Editoriale del quotidiano cileno "El Mercurio", del 14 aprile 2003.

POLITICA SULLE DROGHE
Il Consiglio Nazionale per il Controllo degli Stupefacenti (Conace) ha reso noti i risultati del "Quinto Studio Nazionale sulle Droghe nella Popolazione". Si tratta di una inchiesta nazionale realizzata lo scorso anno, su un campione di 16 mila e 500 persone tra i 12 e i 64 anni, che vivono in citta' di piu' di 30 mila abitanti.
Il Conace ha rilevato che il consumo di marijuana e di pasta base (di coca) sarebbe diminuito. Nel caso della marijuana, lo studio indica che il 5,17% degli intervistati aveva dichiarato di consumarla nel 2002, mentre era il 5,8% che aveva dichiarato di averlo fatto nel 2000. Rispetto alla pasta base lo 0,84% aveva dichiarato di usarla nel 1998, percentuale che era calata allo 0,51% dell'anno scorso.
Questo trend, tuttavia, non si ripete con la cocaina, il cui consumo sarebbe in leggera crescita: da un 1,52% del 2000 ad un 1,57% dell'anno sorso.
Lo studio distingue il consumo rispetto a livelli socioeconomici di appartenenza della popolazione: alto, medio e basso. In generale, il consumo di droghe sarebbe diminuito a tutti livelli, eccetto che per la cocaina, il cui consumo sarebbe in crescita soprattutto nei ceti bassi. La marijuana sarebbe la sostanza piu' usata a tutti i livelli, la cocaina sarebbe consumata di piu' al livello medio e la pasta base a quello basso.
Non e' facile interpretare questi risultati. In primis, perche' provengono da una inchiesta che chiede alle persone di dichiarare la propria partecipazione ad una attivita' classificata legalmente come un reato, per cui e' ragionevole pensare che un certo numero di intervistati non si sia sentito molto predisposto a rispondere sinceramente. Tuttavia, dando per acquisita questa possibilita', i risultati sono comunque interessanti, soprattutto per la tendenza alla diminuzione del consumo che suggeriscono.

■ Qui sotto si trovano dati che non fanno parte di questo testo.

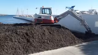 Durante diez días se han retirado 535 toneladas de hojas muertas de posidonia y se han realizado un total de 97 viajes de camiones para entregar estos restos vegetales a la policía y a tres fincas ganaderas de Son Ferriol y Sant Jordi, para su aprovechamiento en los establecimientos de ganado.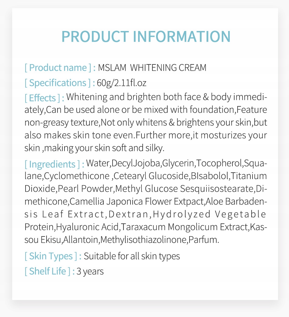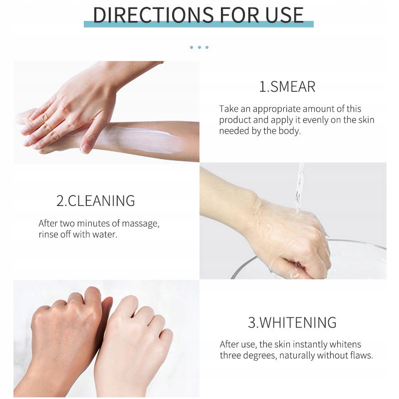 【MOCNE WYBIELANIE ROZ IJAŚNIANIE】 - Nasz krem wybielający zawiera specjalne składniki, które wybielają skórę na ciele. Zawiera różne esencje ekstrakcyjne, które są bezpieczne, łagodne, naturalne, przyjazne dla skóry, nietoksyczne i nieszkodliwe dla skóry.

Le droghe sono una delicata questione di politica pubblica che deve essere affrontata a mente fredda. In generale, in Cile e in buona parte del mondo, non si e' fatto cosi'. La possibilita' che il consumo diminuisca, dovrebbe richiamare alla calma, e a pensare al futuro con maggiore razionalita' e controllo della naturale emotivita' che il problema comporta.
Fino ad ora, e non solo in Cile, la reazione comune davanti alle droghe, e' stata qualcosa di viscerale: criminalizzarle, dichiarandogli "guerra". La politica mondiale e' delineata da tre convenzioni dell'Onu (1961, 1971 e 1988), che enfatizzano una proibizione criminale quasi assoluta su tutta la linea -produzione, traffico e consumo- per una grande quantita' di sostanze, ad eccezione dell'alcol e del tabacco. Questo modo di inquadrare il problema si allinea alla politica nordamericana, la cui "guerra" alle droghe e' carissima in termini fiscali e di liberta' di cittadinanza. E se si calcola che il prezzo dell'eroina in questo Paese sia sostanzialmente calato, ne deriva che si tratta di una guerra eccessivamente cara. E' arrivato il tempo di politiche piu' ragionevoli, che non si esauriscano nella proibizione criminale, ma che accentuino i caratteri dell'educazione e della riabilitazione.